Dáil debates

Tuesday, 26 February 2008

8:00 pm

Photo of Eamon RyanEamon Ryan (Dublin South, Green Party)

Local loop unbundling is in place. Eircom is advancing plans, which I welcome, to upgrade its network so it can provide higher speeds. Similarly, the cable company UPC announced it intends to spend €300 million upgrading its network, which will help to provide a competitive environment. We have a regulator with real powers and we are starting to see prices come down. Overall, telecommunications prices have come down by 15% since 1997 whereas the CPI has gone up by 45%. That will and should continue because competition should be able to drive prices down. As we use more digital services, as more people go on-line and with integration between communications technologies and the various services provided through them, it is appropriate that competitive pressures should assist in bringing speeds up and prices down.

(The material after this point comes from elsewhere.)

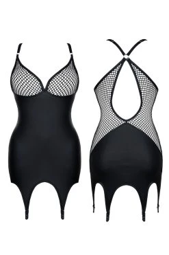 La nuisette détient six jarretelles fixes qui permettent de maintenir des bas assortis. La résille se combinant le mieux avec la reprise de maille au dos. Les bretelles croisées offrent une ouverture au niveau des reins, et son réglables.
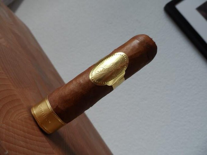 Voor deze lijn is Davidoff afgestapt van zijn traditionele witte versierselen, die plaatsgemaakt hebben voor goud. Het zou me trouwens niet verbazen als deze bandjes echt van goud zijn, want deze sigaar is aardig aan de prijs, iets van 13 euro.

It is crucial that we be able to get to the real debate, which is what our bandwidth speeds and pricing should be. We need to get beyond the problem of certain parts of the country not having broadband availability. For that reason I am keen to progress, with urgency, the national broadband scheme which provides a mechanism whereby the State can work with industry to ensure service is provided in particular areas where the market is unable to deliver it. We are in the middle of a competitive process, and that is one of the sensitivities in terms of what we can discuss in the debate. We must be careful when we have a competitive auctioning system. Four candidate companies pre-qualified and three companies — Eircom, BT and Hutchinson 3G — are engaged in a competitive tendering process. Basic standards are set out which the company must provide, for example, 1Mbps broadband connection with 48:1 contention ratio.

However, this is not a fixed competitive tendering process. We are looking to companies to ramp up what they can do and be ambitious about what they can provide in future upgrades. That process is due to be completed with a contract signed at the end of June, and the company rolling it out after that. If any areas are not covered, we will return to the issue. Our process is to set out a map of the country, accepting that it can change and that areas may or may not have service depending on whether operators do what they said would do. If an area is not covered by 1 July, it will be included in the scheme. We must have ubiquitous coverage so no part of the country is left behind. Then we will move on to the future challenges.

Future challenges are also opportunities. There is an opportunity to develop new services, such as voice over Internet, telephone services via broadband, video on demand, gaming and a range of public services. We must move towards a new generation network telecommunications system that can provide those services and to do it in a way where supply of bandwidth is ahead of demand. It is difficult to be exact about what speed will be required. The international experience is that it is far from clear which market demand applications will come and in what time that will make the commercial case for broadband speeds. Our broad aim should be to ensure that we at least do not have a restriction on the roll-out of the application. That will require us to have much faster speeds across the country on a wide range basis and in all areas of our society, not just in the areas where people can commercially afford it.

I have no problem with the various measures set out for providing proper ducting. Our policy formulation sets out exactly what are those measures. I disagree with Deputy Coveney who said the motion might be too long; if anything we could go further. However, we cannot set out a complete strategy here within the confines of a Private Member's motion.